> RECORDS FOR THIS EXERCISE:
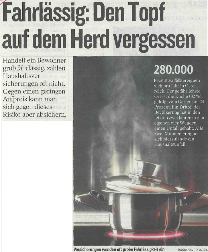 Kleine Zeitung über versichern24 – Fahrlässig: Den Topf auf dem Herd vergessen
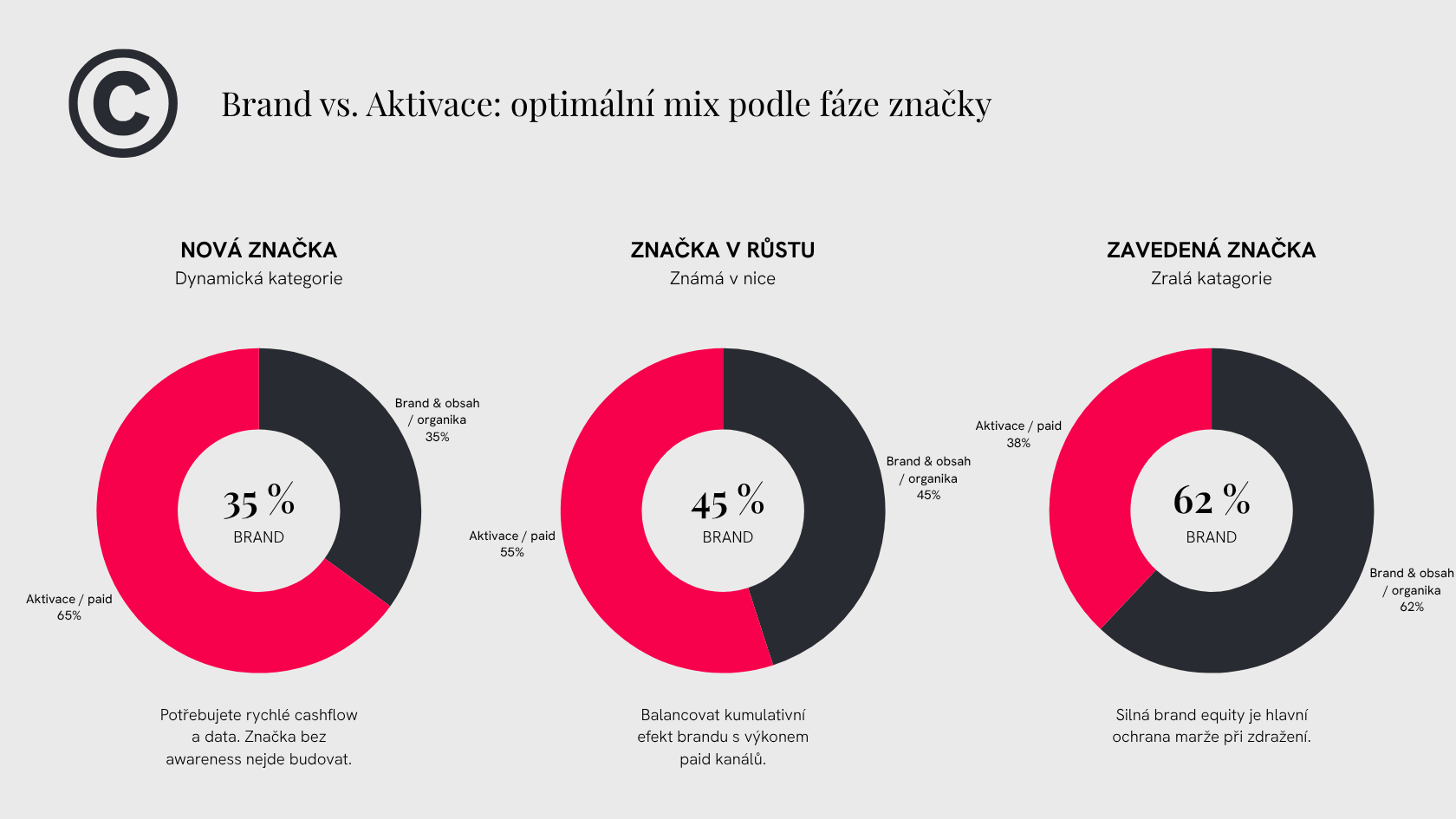 Značka v růstu, známá v niši | ~40–50 % brand / 50–60 % aktivace | Balancovat kumulativní efekt brandu (nižší CAC v čase) s krátkodobým výkonem | Když brand search roste stabilně a repeat rate je OK a můžete přidat brand |
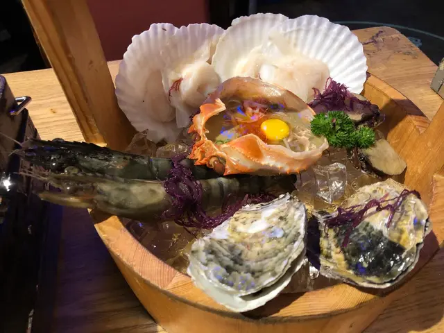 之後一坐底餐廳會每枱會送上一桶磯燒海鮮,有大虎蝦、活飽魚、元貝、甲羅蟹殻同美國珍寶蠔。以上如果再encore的話就要加錢,但兩個人食哂呢桶都好夠食
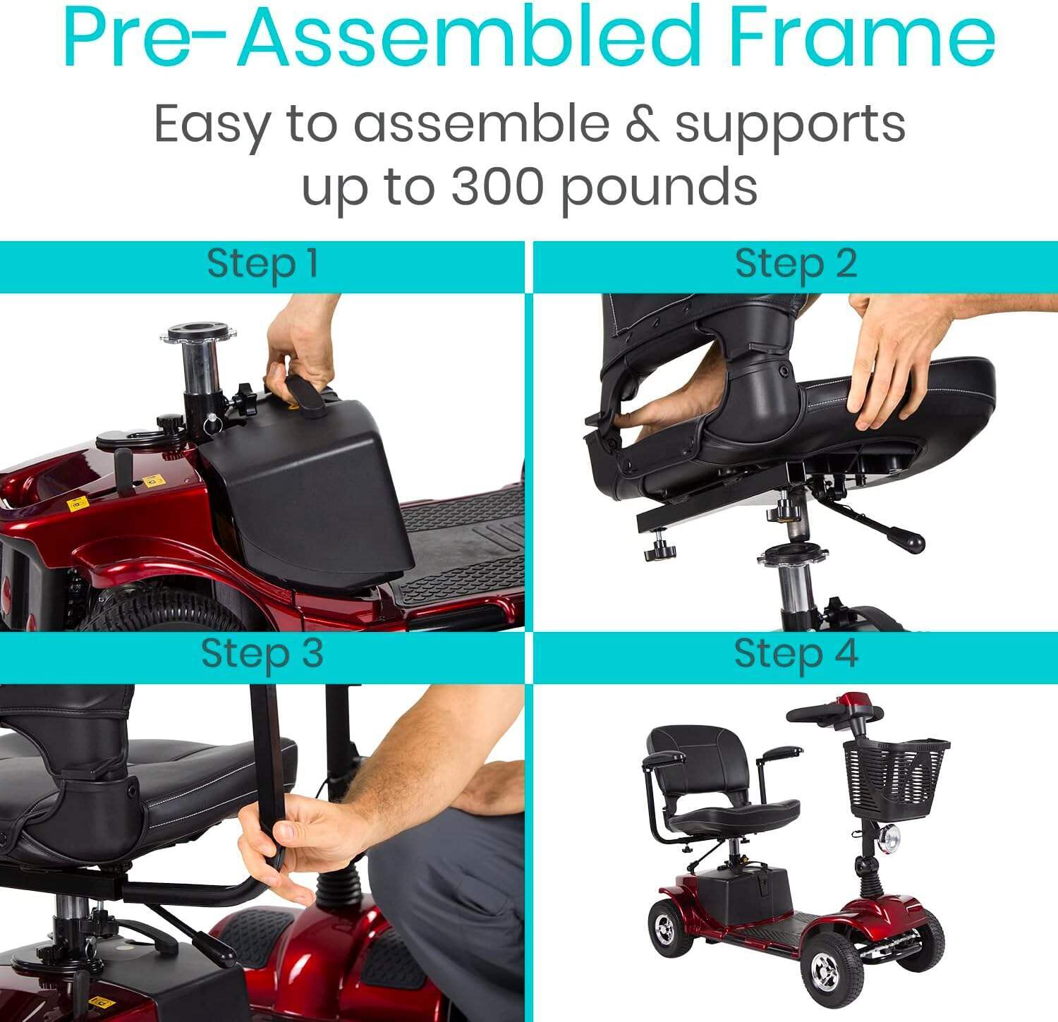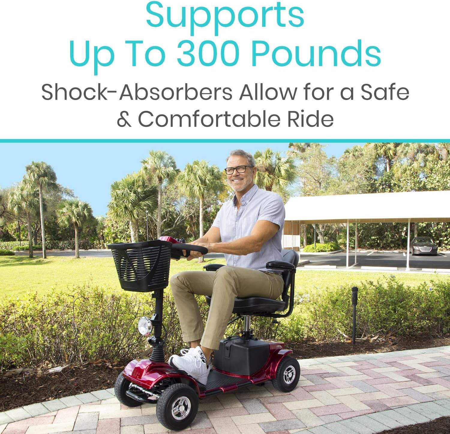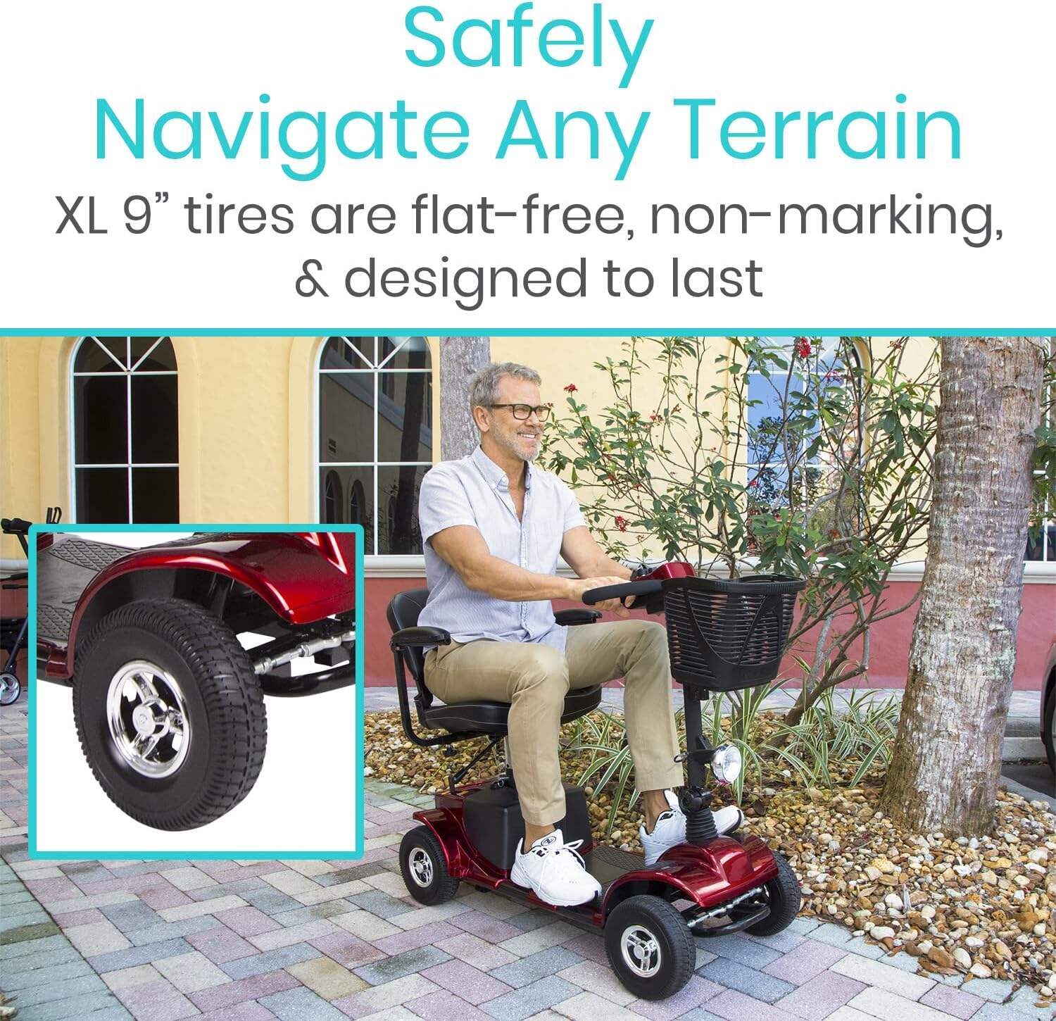 - EXPERIENCE SMOOTH & SAFE MOBILITY: Opt for the Vive Series A Mobility Electric Scooter over other scooters for its unparalleled performance and seamless ride–perfect for use at home, in markets, or on the go. With a 3.5" ground clearance and four 9" flat-free tires, the scooter easily clears door jambs and handles various flooring transitions, setting it apart from the competition.
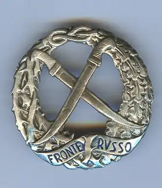 - ↑ Les insignes de souvenir sont portés sur la veste de l'uniforme ordinaire et de service (et dérivés), au nombre maximum de deux, et sont appliqués de la manière suivante : au-dessus de la poche droite, les insignes de parachutiste en guerre, de souvenir de la campagne de Russie, du 1er régiment motorisé et du C.I.L., des contingents militaires en opérations de paix (voir Insignes commémoratifs des opérations militaires italiennes), au choix du titulaire ; au centre de la poche de poitrine gauche, les insignes de commandant d'unités blindées en guerre ou en paix et de personnel d'unités d'artillerie antiaérienne.

> ACTION ITEM: What the answer needs is every record above, exactly as written, and no pictures.

> RESULT OF THE EXERCISE:
 Kleine Zeitung über versichern24 – Fahrlässig: Den Topf auf dem Herd vergessen
 Značka v růstu, známá v niši | ~40–50 % brand / 50–60 % aktivace | Balancovat kumulativní efekt brandu (nižší CAC v čase) s krátkodobým výkonem | Když brand search roste stabilně a repeat rate je OK a můžete přidat brand |
 之後一坐底餐廳會每枱會送上一桶磯燒海鮮,有大虎蝦、活飽魚、元貝、甲羅蟹殻同美國珍寶蠔。以上如果再encore的話就要加錢,但兩個人食哂呢桶都好夠食
 - EXPERIENCE SMOOTH & SAFE MOBILITY: Opt for the Vive Series A Mobility Electric Scooter over other scooters for its unparalleled performance and seamless ride–perfect for use at home, in markets, or on the go. With a 3.5" ground clearance and four 9" flat-free tires, the scooter easily clears door jambs and handles various flooring transitions, setting it apart from the competition.
 - ↑ Les insignes de souvenir sont portés sur la veste de l'uniforme ordinaire et de service (et dérivés), au nombre maximum de deux, et sont appliqués de la manière suivante : au-dessus de la poche droite, les insignes de parachutiste en guerre, de souvenir de la campagne de Russie, du 1er régiment motorisé et du C.I.L., des contingents militaires en opérations de paix (voir Insignes commémoratifs des opérations militaires italiennes), au choix du titulaire ; au centre de la poche de poitrine gauche, les insignes de commandant d'unités blindées en guerre ou en paix et de personnel d'unités d'artillerie antiaérienne.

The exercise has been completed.